Let me tell you a story.
I’m sixteen years old, sitting in the kitchen with my mother while she makes dinner. And just for purposes of context here, let me also tell you a little about me at sixteen: I’m a hot mess. I’m drinking, I’m drugging, I just got my heart truly broken for the first time by my first love, I cannot bear to be in the same room most of the time as my mother (and honestly I think the feeling is mutual). And I’m starting to feel things—big and heavy adult things, like pressure and inadequacy and pain and depression and anxiety—and I’m convinced I’m so amazingly special that I’m the only person on the whole planet who has ever felt these things. Basically, I’m out of my mind and terrified.
And then on top of everything else I’ve stopped eating, which at this point isn’t even a conscious decision as much as it is a misguided coping mechanism. I certainly don’t realize then that I’m probably starving myself in an attempt to slow down or even reverse time, to carve the new curves out of my body and keep me a kid a little while longer, where life felt simpler and less lonely. No, at this point all I know is that obsessing over food and my body feels a heck of a lot easier than actually facing anything else I’m feeling.
Anyway, so there I sat in the warm kitchen, watching my mother make dinner. I’m sure I was supposed to be doing my homework or something else but I don’t remember any of that. I just remember watching her. And God was she a sight.
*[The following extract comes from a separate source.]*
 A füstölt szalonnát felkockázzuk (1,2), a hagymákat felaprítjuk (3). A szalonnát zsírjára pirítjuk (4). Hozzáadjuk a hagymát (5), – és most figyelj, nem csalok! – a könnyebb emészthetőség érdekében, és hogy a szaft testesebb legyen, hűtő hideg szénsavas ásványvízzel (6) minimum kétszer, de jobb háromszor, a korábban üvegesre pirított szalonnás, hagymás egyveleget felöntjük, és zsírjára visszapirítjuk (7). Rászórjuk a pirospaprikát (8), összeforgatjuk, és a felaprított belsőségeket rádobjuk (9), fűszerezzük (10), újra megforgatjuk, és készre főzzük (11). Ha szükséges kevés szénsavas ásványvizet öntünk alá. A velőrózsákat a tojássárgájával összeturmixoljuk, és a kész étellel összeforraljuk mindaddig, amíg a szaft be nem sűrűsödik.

If I was a hot mess (and I was), she was my polar opposite, fresh from her big job in a power suit with full makeup, big shoulder pads and bigger diamonds. She’d been commanding rooms since well before I was born and the kitchen was no different; it was hers and I was a visitor, desperately trying to shrink myself into the corner. By then things were tense between us most of the time, and in the kitchen it was so quiet that the click of her heels on the hardwoods rung out like a heartbeat.
“Are you okay?” she asked me, finally, probably weirded out by my staring. And isn’t that the question, right there? Was I okay? I was not okay, and I was sure she could see that if she just stopped and looked, like really looked at me, my dilated pupils and the hollows under my eyes from not sleeping, the way all of the weight I’d lost made my clothes hang off of me, the protective way I’d hunch my shoulders around my heart and try to curl up into the smallest configuration of myself as possible.
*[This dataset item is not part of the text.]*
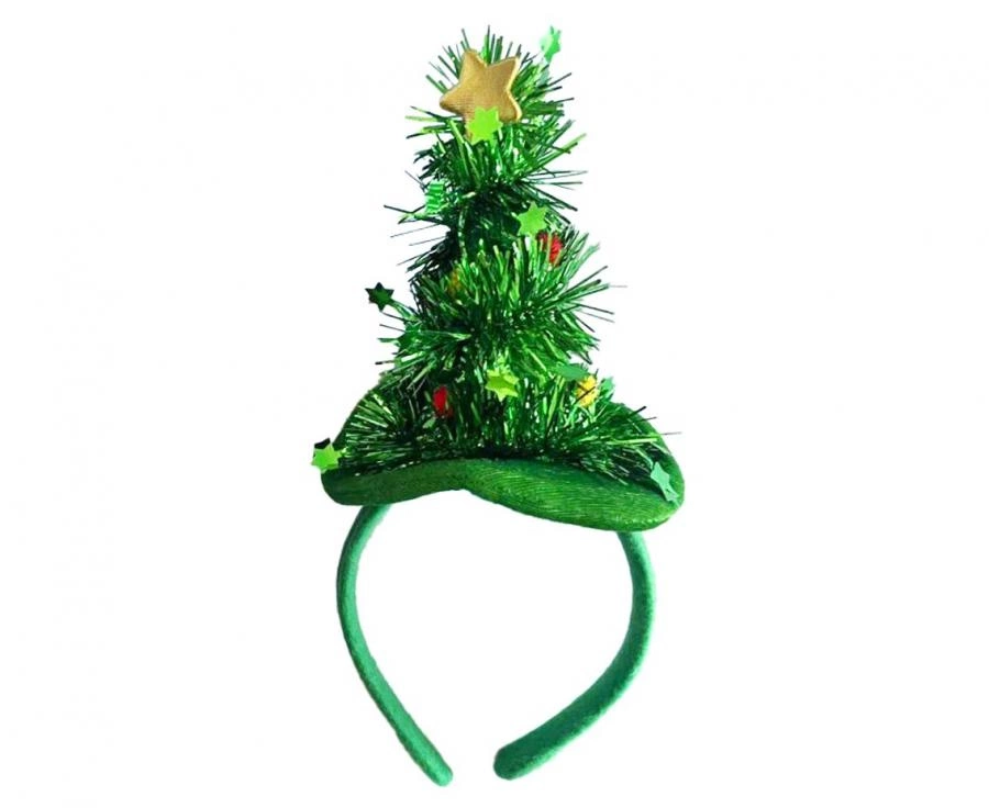 Opaska "Zielona choinka" to świąteczny gadżet na głowę z dekoracją przypominającą mini choinkę, ozdobioną kolorowymi bombkami, błyszczącymi łańcuchami i drobnymi dzwoneczkami. Rozmiar uniwersalny, 1 sztuka — przede wszystkim na imprezy bożonarodzeniowe, spotting firmowy i rodzinne spotkania.

But I lied; told her I was fine. Of course I did because that’s what we do, right? I’d already learned at sixteen that in order to survive—in order to remain upright and breathing and presentable—I needed to hide some things, paint over some things, suck some things in and swallow some things down. Some things were to be avoided, like food or truth, and others were to be flat out denied. So I let my chance go by and I lied, and instead of looking at her in the face, I let my focus rest on the kitchen table in front of me, and more specifically, on the ever present bowl of apples in the center of it.
This bowl of apples was a fixture in our house, and they were not for eating. They were the best apples, the biggest, shiniest, roundest Granny Smith green apples specially picked to sit in this blue bowl on the kitchen table, catching the evening light through the window and looking perfect. (If you wanted to eat an apple, the ordinary ones—the ones just for eating—were in the fridge.)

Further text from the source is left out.